* _What you should do_: Your copy should begin at the line containing "包丁のように楕円形の握りやす" and end at the last line of the records below, matching each line exactly and leaving out pictures.

* _Supplied records_:
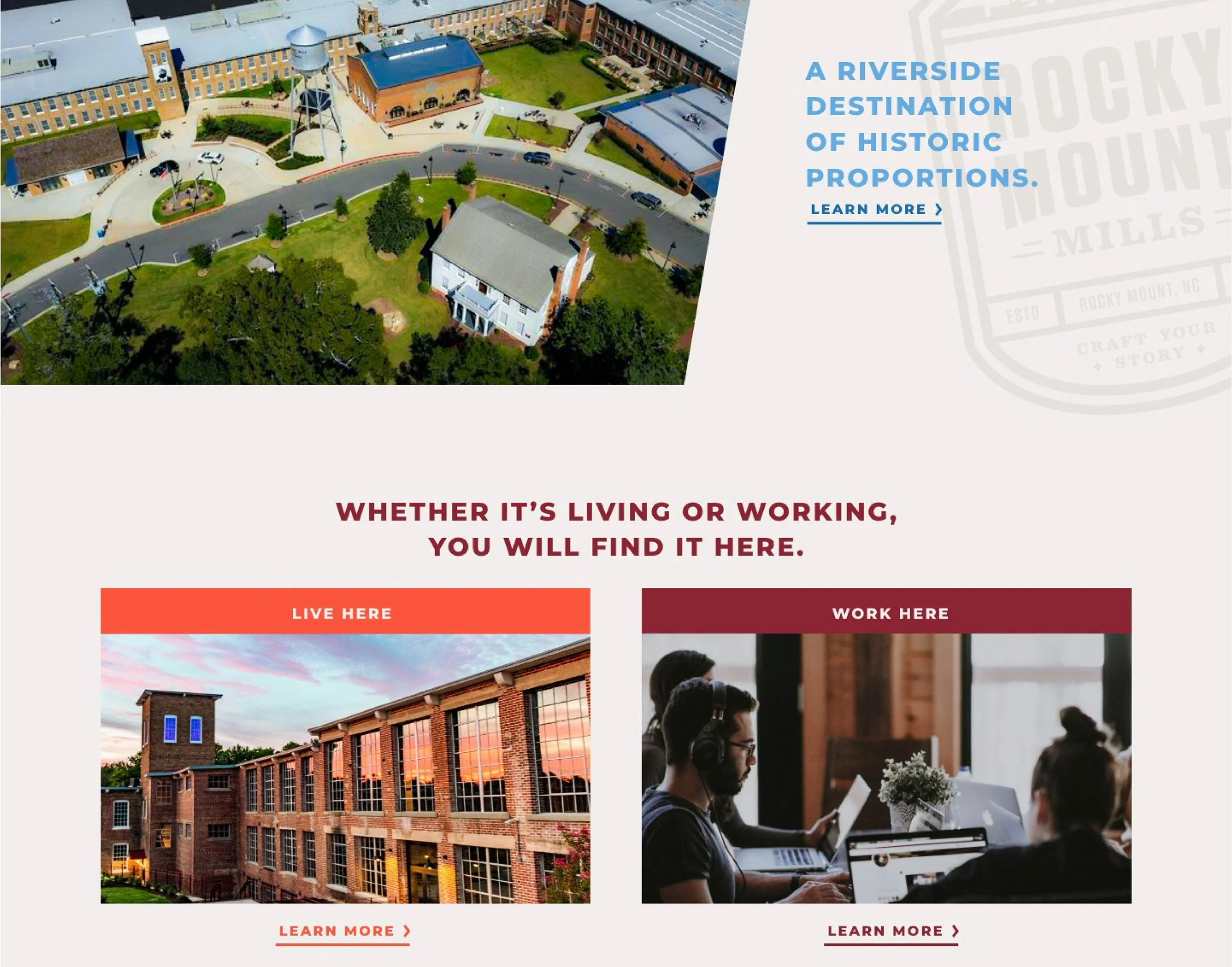 Whether it’s living or working, you will find it a Rocky Mount Mills. Nestled in the hills of North Carolina, this 82-acre campus provides apartments, shops, breweries, vacation spots, and more. This website launched a rebrand for Rocky Mount Mills, providing a fresh take on this historical place. I collaborated with a team of 3+ designers and directors at Caliber Creative to design and execute this website.
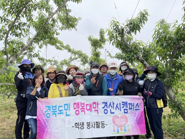 [Q뉴스] 경북도민행복대학 경산시 캠퍼스 학생자치회에서는 지난 13일부터 14일까지 양일간에 걸쳐 도민대학 학생 40명이 참여한 가운데 농촌봉사활동을 했다.
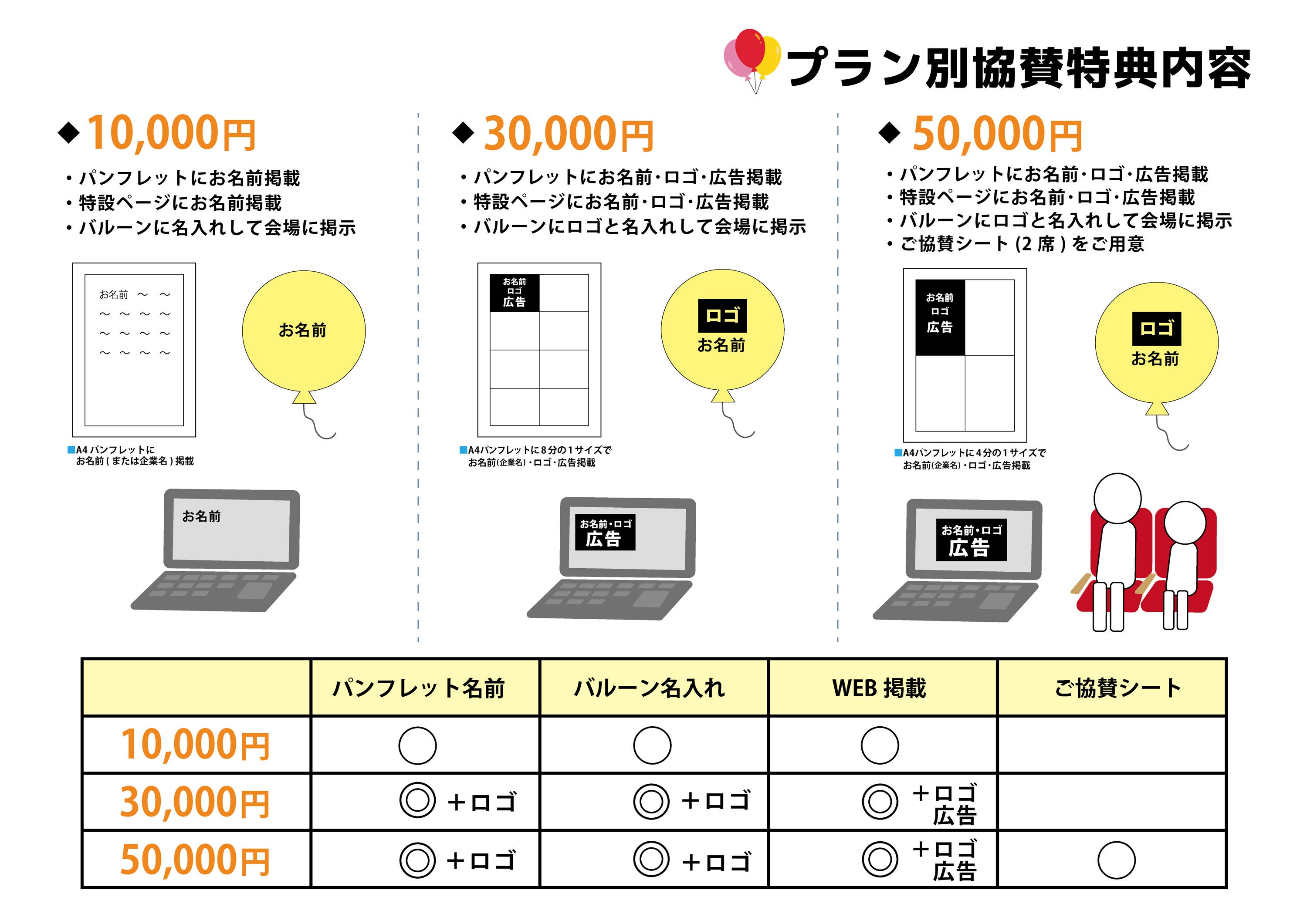 ◇イベントへのご協賛として、金額に応じてお名前やロゴ、広告を掲載させていただきます。
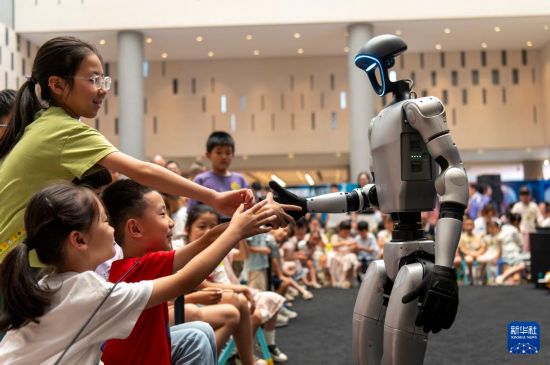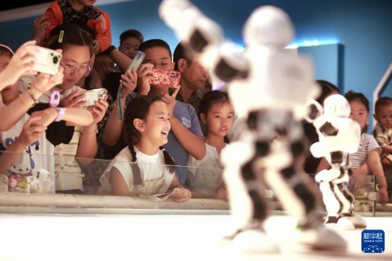 7月27日,在浙江省金華市金華之光文化廣場科技館,青少年與人形機(jī)器人互動(dòng)。
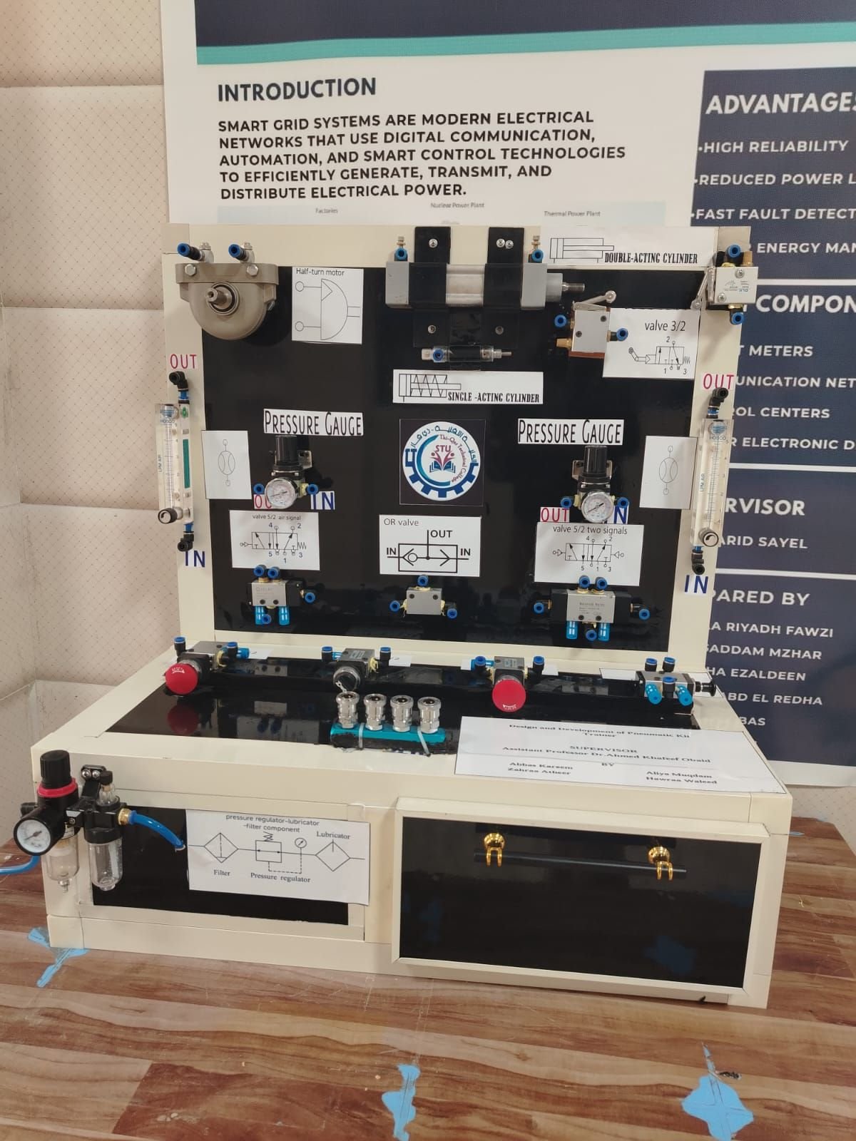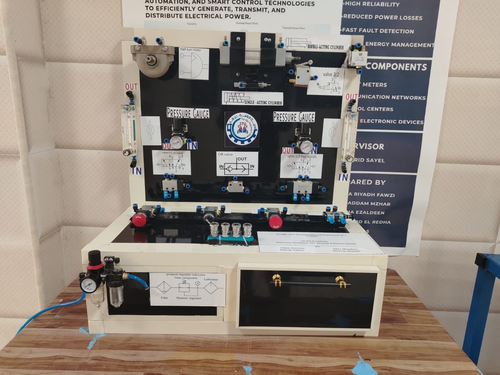 واستطرد إلى أن”جهاز بورد تجارب الانظمة النيوماتيكية هو نتاج لمشروع تخرج طلبة من المرحلة الرابعة في قسم هندسة تقنيات النظم الكهروميكانيكية وهو بورد مختبري من الممكن استخدامه في مختبرات مادة الأجهزة الكهروميكانيكية ومادة قدرة الموائع وبالأخص الأنظمة النيوماتيكية حيث يتيح أجراء أكثر من 14 تجربة لمحاكاة دوائر نيوماتيكية مختلفة وتضمين عدد واسع من عناصر هذه الدوائر بما يضمن تحقيق المعرفة لدى الطلبة حول مبدا عمل كل عنصر وتقييم أداء الدائرة النيوماتيكية المختلفة
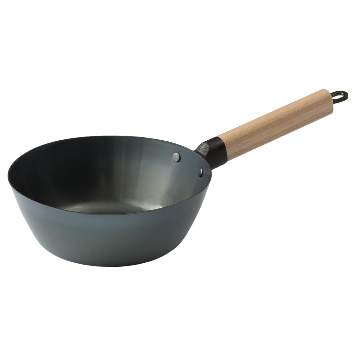 包丁のように楕円形の握りやすいハンドルなので、重たい鉄フライパンでも扱いやすくなっています。無塗装の天然木を使用し、本体同様に使い込むほど手になじみます。
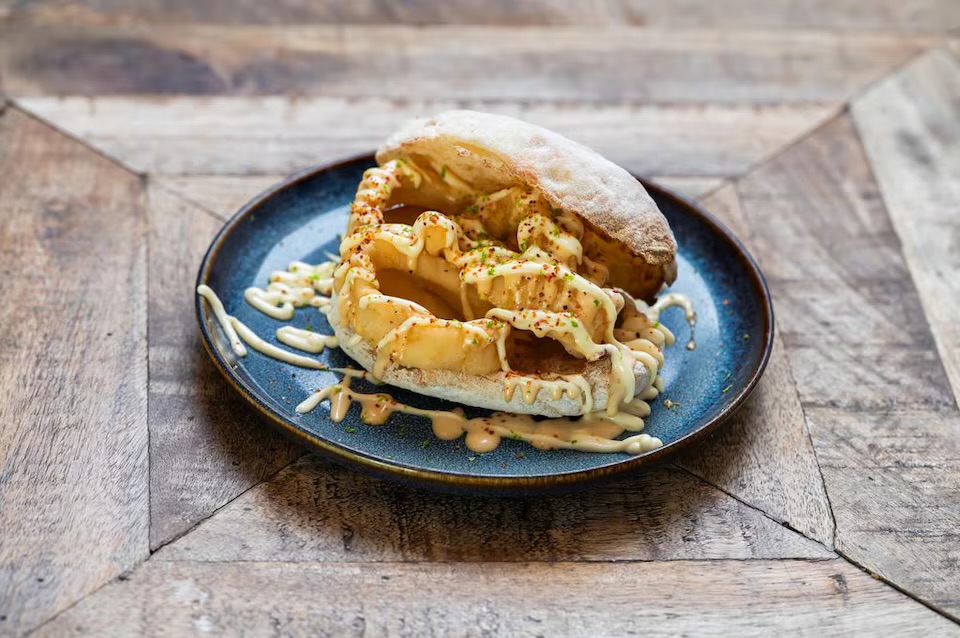Comer este bocata de calamares con las manos es obligatorio. La textura crujiente de los anillos de calamar, la cremosidad de la mayonesa Kewpie y la acidez del limón rallado exigen ser experimentadas directamente. No hay cubierto que pueda replicar la satisfacción de sentir el pan húmedo entre los dedos mientras los calamares estallan en tu boca con cada mordida.
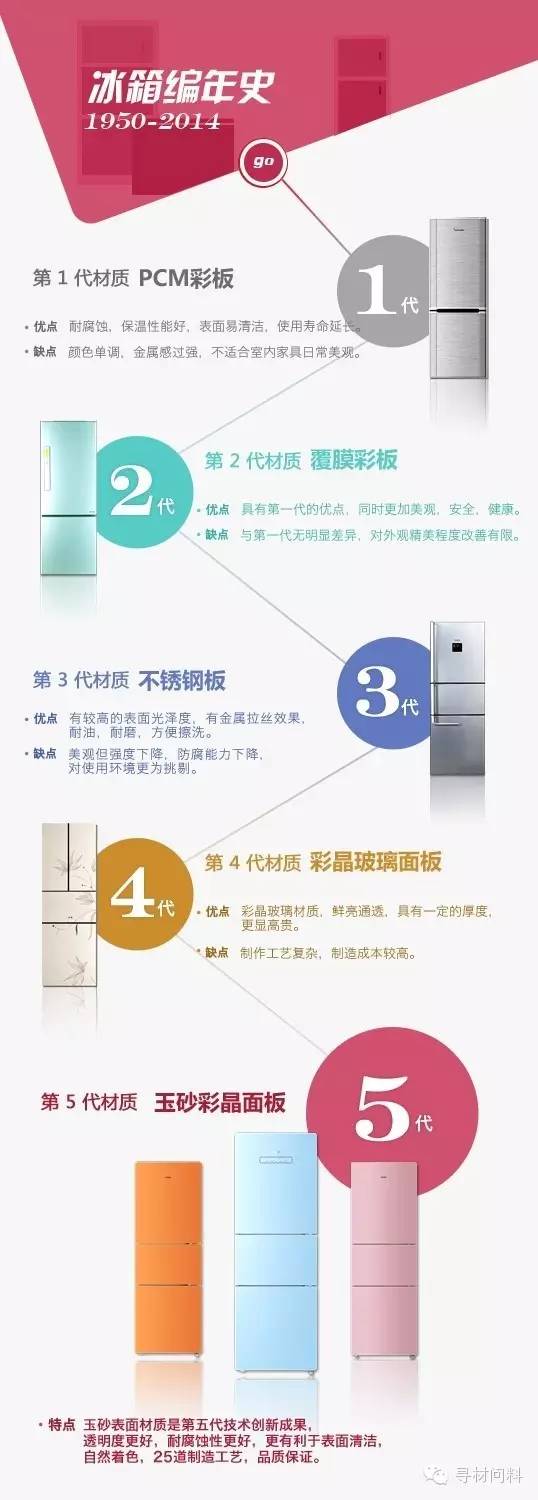 PCM为彩色预涂板材,表面为家电环保油漆,价格相对于VCM较为便宜,一般应用于冰箱侧板,此种板材不适用于高档冰箱的面板,由于板材的想对平整度较VCM差和颜色效果单一,因此主要是侧板的使用。

* _Response to the task_:
 包丁のように楕円形の握りやすいハンドルなので、重たい鉄フライパンでも扱いやすくなっています。無塗装の天然木を使用し、本体同様に使い込むほど手になじみます。
Comer este bocata de calamares con las manos es obligatorio. La textura crujiente de los anillos de calamar, la cremosidad de la mayonesa Kewpie y la acidez del limón rallado exigen ser experimentadas directamente. No hay cubierto que pueda replicar la satisfacción de sentir el pan húmedo entre los dedos mientras los calamares estallan en tu boca con cada mordida.
 PCM为彩色预涂板材,表面为家电环保油漆,价格相对于VCM较为便宜,一般应用于冰箱侧板,此种板材不适用于高档冰箱的面板,由于板材的想对平整度较VCM差和颜色效果单一,因此主要是侧板的使用。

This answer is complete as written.